These properties allow longitudinal imaging of the same individual over time, either at short or long intervals.
Importantly, knowledge of both individual and of group averages also can be obtained, provided residual Mn(II) is
accounted for17-20. Together with computational processing and statistical analysis, longitudinal imaging of neural
activity will illuminate the influences of drugs, experience, genetics or disease progression on the brain. The beauty of
MRI is that it is non-invasive and non-destructive which allow physiological observations in intact living organisms
over time.
Application of Mn(II) as a contrast agent for MRI has been steadily increasing (Fig. 1), owing to its unique
physiological attributes of selectively entering active neurons through voltage-gated calcium channels and of
delineating neuronal projections through its transport by endogenous axonal transport machinery. A PubMed search
with query terms ‘manganese’ and ‘magnetic resonance imaging’, first performed in 200421, now reveals a rapid
Uselman et al. Longitudinal MEMRI
increase to 2010 to reach a current plateau of ~100 per year (Fig. 1A) with a cumulative rise of over 2000 publications
in 2020 (Fig. 1B). Some MEMRI-related publications were likely missed by this search, and some may have been
included that were about other manganese MRI uses. A deeper understanding of the molecular mechanisms of Mn(II)
transport may have contributed to this rise in publication numbers22-25. A search in Web of Science, using the same key
words as for PubMed, revealed a similar trend. Many publications fall in radiology and neuroscience fields. Chemistry
and materials science make up the majority of those remaining, with several articles published in journals of American
Chemical Society26-36. With literature in the field growing rapidly, a need to assimilate this information became
apparent, which is a primary goal of this review. Among reviews published over the past 10 years37-50, many focus on
nanoparticles and few incorporate detailed discussions of both chemical and biological roles of Mn(II) in neuroscience.
Newer MEMRI studies have largely shifted away from technology development to report on applications in basic
biomedical and clinical research, where the technology has tremendous value. This newer focus is presented here.
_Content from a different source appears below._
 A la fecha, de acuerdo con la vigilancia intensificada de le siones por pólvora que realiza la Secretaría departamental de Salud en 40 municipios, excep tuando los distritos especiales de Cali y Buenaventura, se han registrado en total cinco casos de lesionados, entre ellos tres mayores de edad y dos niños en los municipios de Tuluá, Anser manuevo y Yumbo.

We here explore applications of manganese to examine structures and physiology in the living brain, including
intracellular axonal transport, neural projections, and brain-wide neural activity, reviewing pertinent historical
developments and focusing on recent breakthroughs. The power of MEMRI to investigate how experience and disease
affect brain physiology is emerging as a beautiful way to penetrate the complexities of whole brain dynamics.
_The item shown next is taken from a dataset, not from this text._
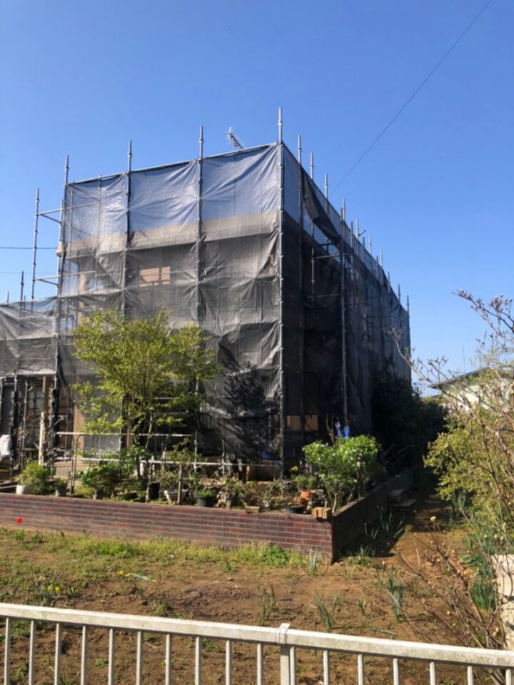 周りを囲むシートは塗料の飛散防止の役目を持っています。

Early in the development of NMR spectroscopy, many investigators explored the effects of metal ions on nuclear
resonances7,51-53. In the 1950s, Mildred Cohn investigated the NMR spectra of biological molecules in solutions of
metal(II) complexes54; and, in her 1962 JBC paper, she reported that Mn(II) broadened the NMR spectra of ADP and
ATP, owing to dramatic effects on proton relaxation times55. Importantly, she later showed that Mn(II)-perturbed
proton NMR spectra could be employed to determine metal(II) binding sites on enzymes52. What is more, in the 1970s,
Lauterbur, Mendoca-Diaz and co-workers demonstrated that Mn(II) uptake in cardiac muscle could be detected by
MR8,9. Working with Mansfield, they developed methods that allowed assignment of MR signals to specific locations
within these tissues56. !
3.1. Physical and chemical properties. Two properties of the Mn(II) contribute to its power as an MR contrast agent:
1) it is strongly paramagnetic (there are five unpaired electrons in its electronic ground state (Fig. 2A); and 2) there is
rapid dissociative interchange of inner and outer shell water molecules (Fig. 2B and 2C). The first manganese
compound, potassium permanganate (KMnO4), was synthesized over 300 years ago57. Although oxo-manganese
complexes are generated during photosynthesis58, Mn(II) and Mn(III) are more commonly encountered in biology59.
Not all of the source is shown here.